Source records:
########################################
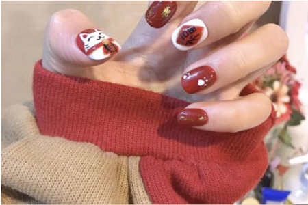 啞光車?yán)遄拥念伾哂袝r(shí)尚感,金色鉑片黏貼在上面。倒立的福字結(jié)合傳統(tǒng)的喜慶元素,_適合做過(guò)年時(shí)候的美甲。在大拇指上用白色填充招財(cái)貓的形狀,畫出貓咪的五官和胸口的叮當(dāng),_后用透明甲油保護(hù)一層。
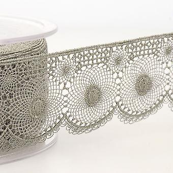 רקמת סטפנואז 40 מ"מ גימור תחרה טול אפור בינוני - למטר
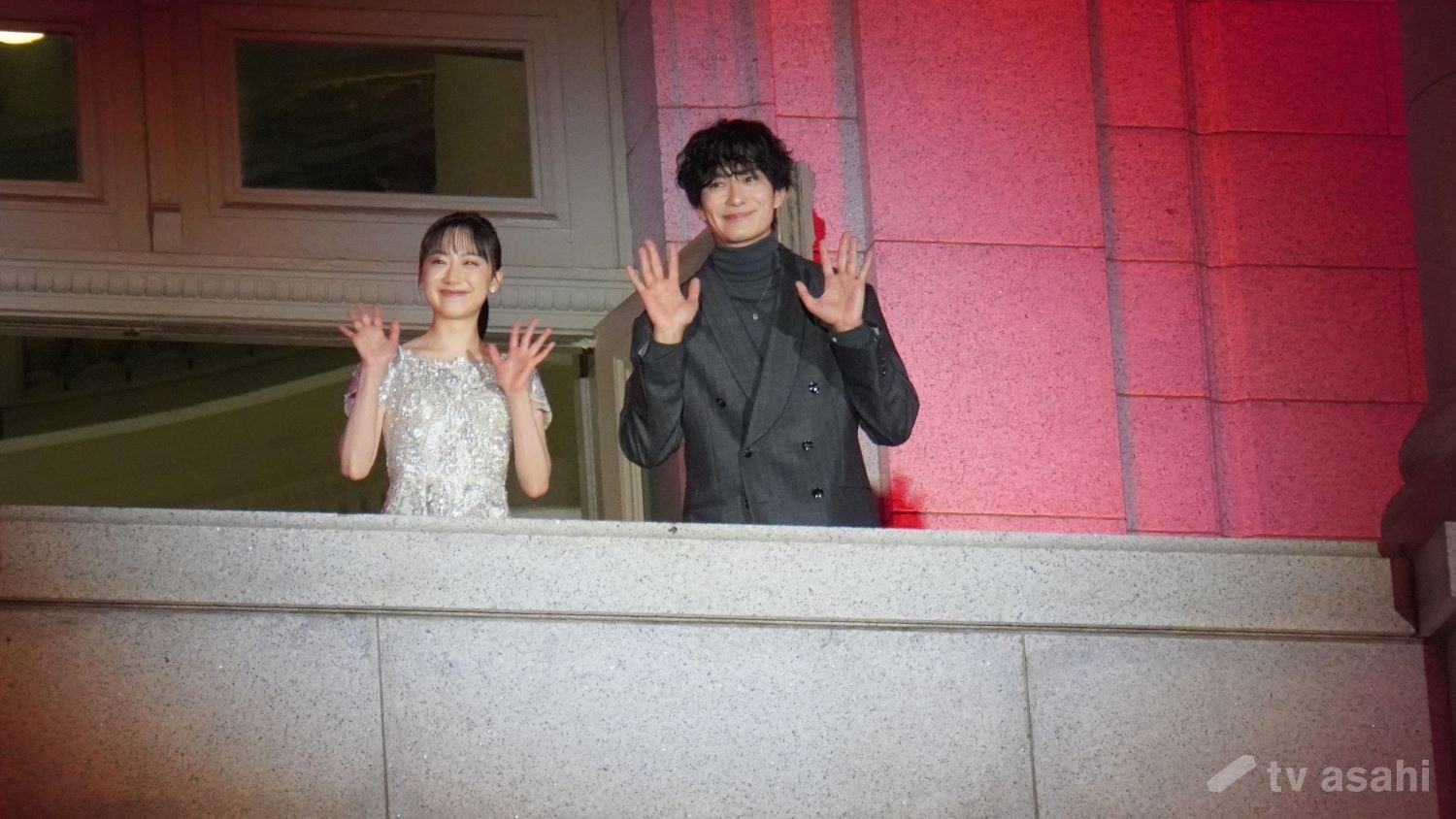 細田守監督の最新作とあり、会場は「時をかける少女」にも登場する東京国立博物館。2階のバルコニーから出て来る芦田と岡田は、プリンセス&プリンスのよう。
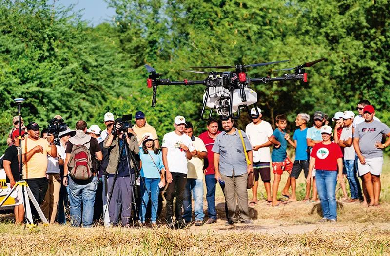 當(dāng)前,經(jīng)濟全球化動力和阻力膠著,但動力仍然勝過阻力。中國呼吁各方攜手推動普惠包容的經(jīng)濟全球化,更好惠及不同國家、不同群體。圖為2024年2月2日,在巴西阿波迪舉行的中巴農(nóng)業(yè)機械化合作示范項目啟動儀式上,人們觀看一款中國生產(chǎn)的農(nóng)用無人機。?新華社記者 王天聰/攝
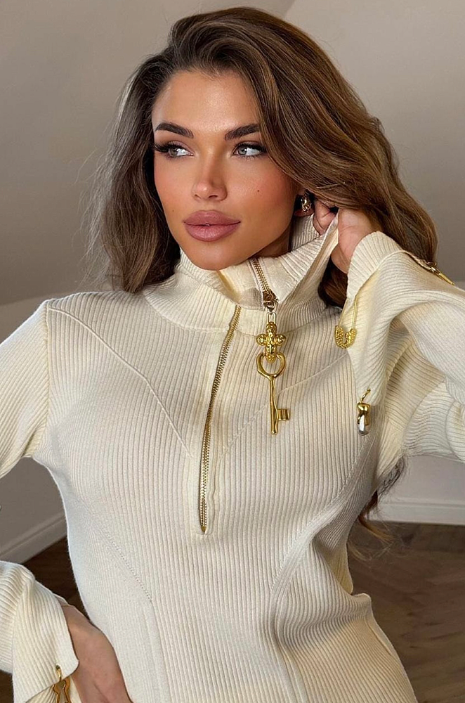 A striking embodiment of Schiaparelli’s iconic surrealist codes, the Surrealist Charm Zip-Neck Knit Midi Dress is where art meets modern femininity. Crafted in a sculpting ribbed knit, this long-sleeve midi silhouette features a sleek zip-neck collar adorned with signature gold-tone hardware—an unmistakable nod to the house’s couture heritage. Delicate charm accents trace the waist and hemline, creating subtle movement and jewelry-like detail with every step.
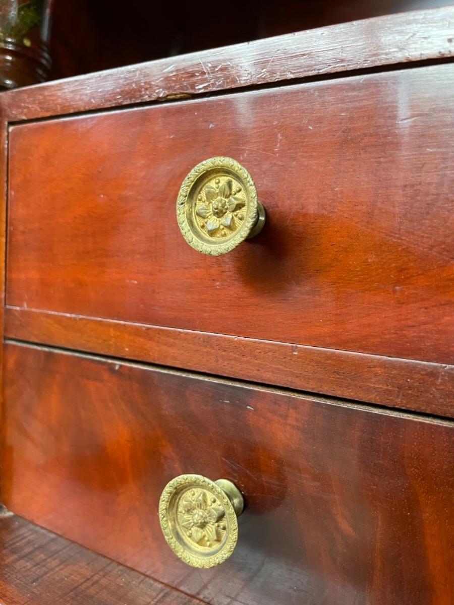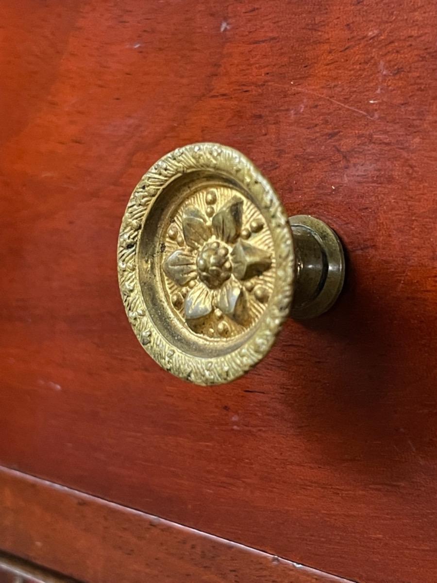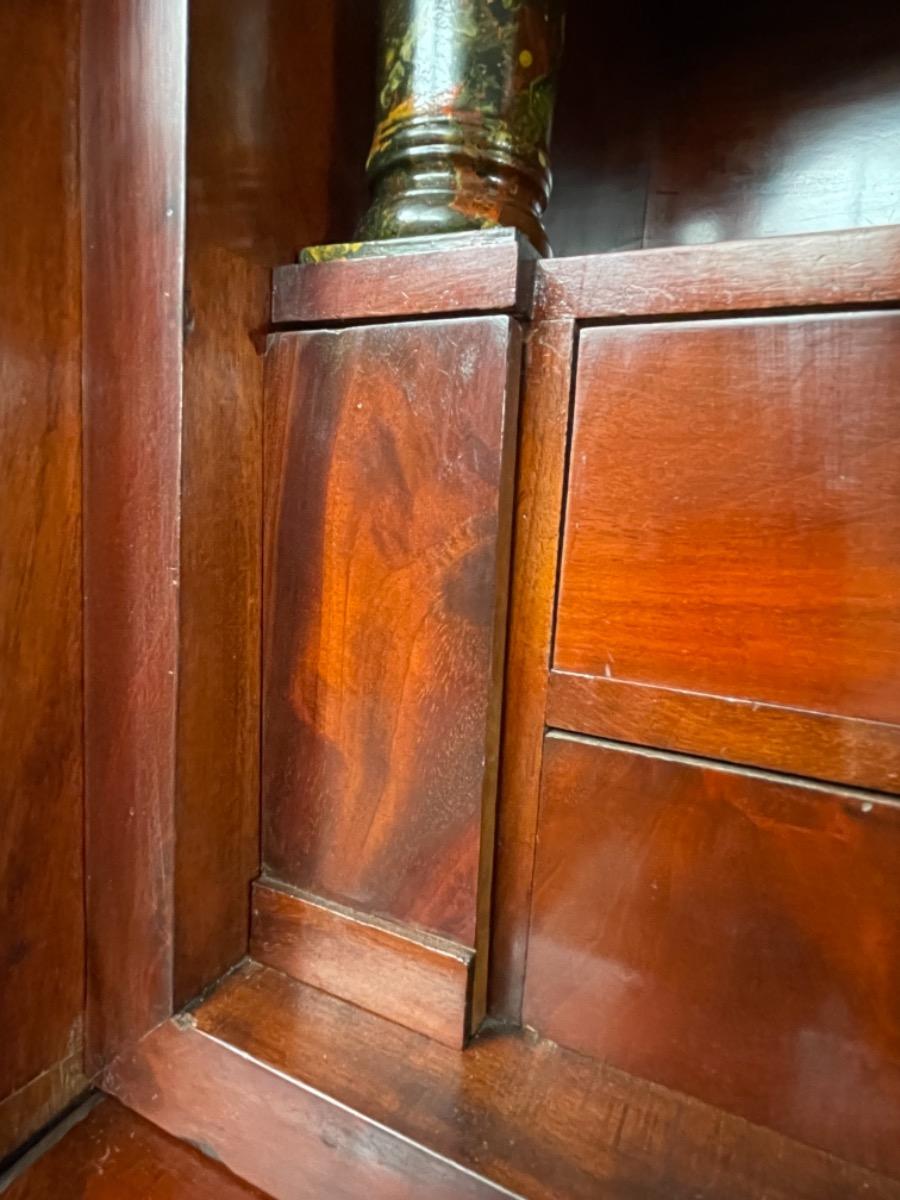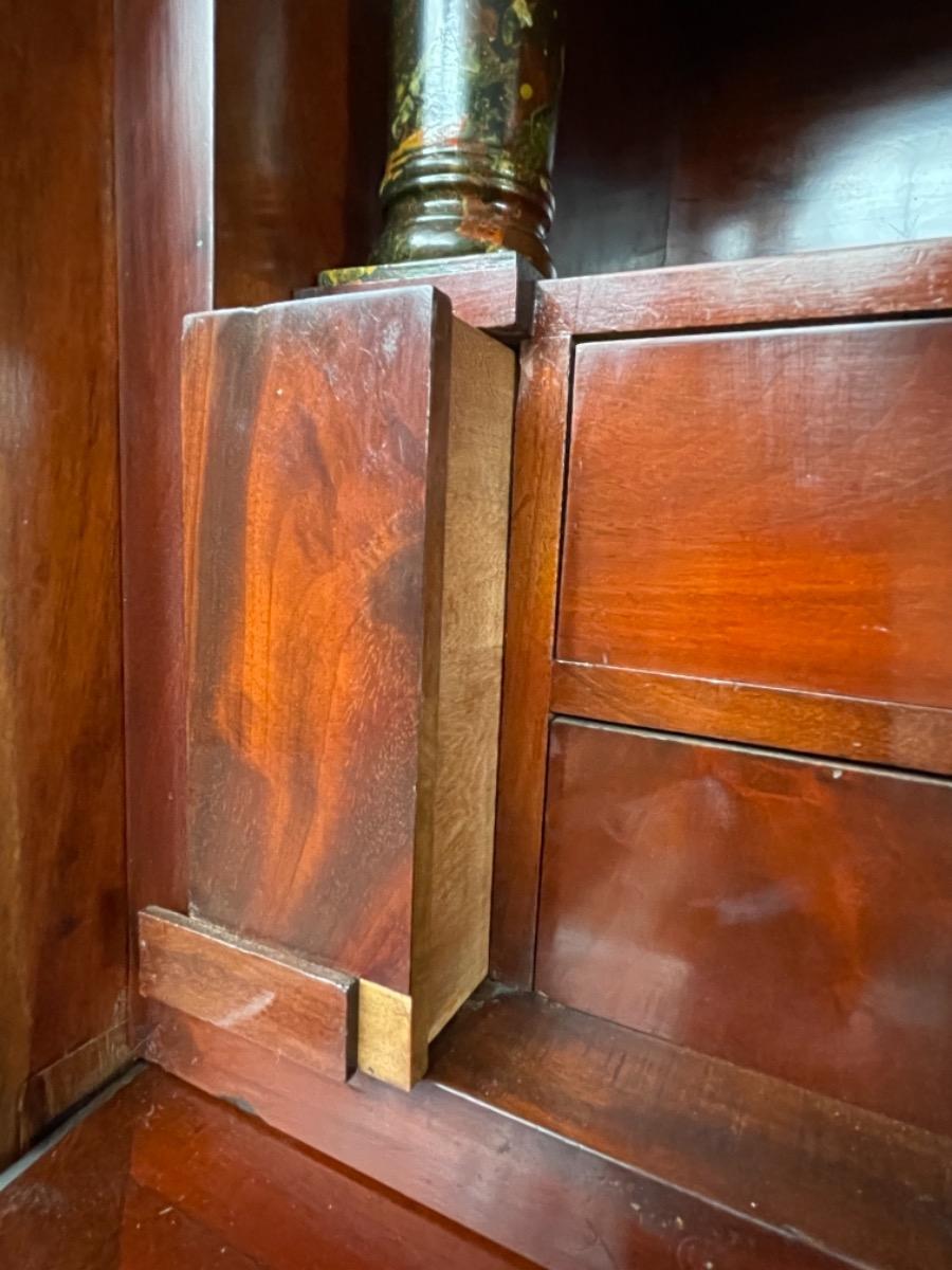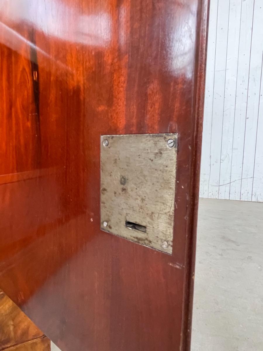 Belgisch empire stijl secretaire, bloem mahonie met bianca Carrara marmer. Messing kariatiden en schild beslag. Sloten en sleutels werkend. Geen scheuren in de zijden, deuren of klep. Afm; H 148 cm. B 97 - 104 cm. D 42 - 50 cm. Sec-2307~
########################################
Omit all pictures and repeat the rest of the records verbatim.

 啞光車?yán)遄拥念伾哂袝r(shí)尚感,金色鉑片黏貼在上面。倒立的福字結(jié)合傳統(tǒng)的喜慶元素,_適合做過(guò)年時(shí)候的美甲。在大拇指上用白色填充招財(cái)貓的形狀,畫出貓咪的五官和胸口的叮當(dāng),_后用透明甲油保護(hù)一層。
 רקמת סטפנואז 40 מ"מ גימור תחרה טול אפור בינוני - למטר
 細田守監督の最新作とあり、会場は「時をかける少女」にも登場する東京国立博物館。2階のバルコニーから出て来る芦田と岡田は、プリンセス&プリンスのよう。
 當(dāng)前,經(jīng)濟全球化動力和阻力膠著,但動力仍然勝過阻力。中國呼吁各方攜手推動普惠包容的經(jīng)濟全球化,更好惠及不同國家、不同群體。圖為2024年2月2日,在巴西阿波迪舉行的中巴農(nóng)業(yè)機械化合作示范項目啟動儀式上,人們觀看一款中國生產(chǎn)的農(nóng)用無人機。?新華社記者 王天聰/攝
 A striking embodiment of Schiaparelli’s iconic surrealist codes, the Surrealist Charm Zip-Neck Knit Midi Dress is where art meets modern femininity. Crafted in a sculpting ribbed knit, this long-sleeve midi silhouette features a sleek zip-neck collar adorned with signature gold-tone hardware—an unmistakable nod to the house’s couture heritage. Delicate charm accents trace the waist and hemline, creating subtle movement and jewelry-like detail with every step.
 Belgisch empire stijl secretaire, bloem mahonie met bianca Carrara marmer. Messing kariatiden en schild beslag. Sloten en sleutels werkend. Geen scheuren in de zijden, deuren of klep. Afm; H 148 cm. B 97 - 104 cm. D 42 - 50 cm. Sec-2307~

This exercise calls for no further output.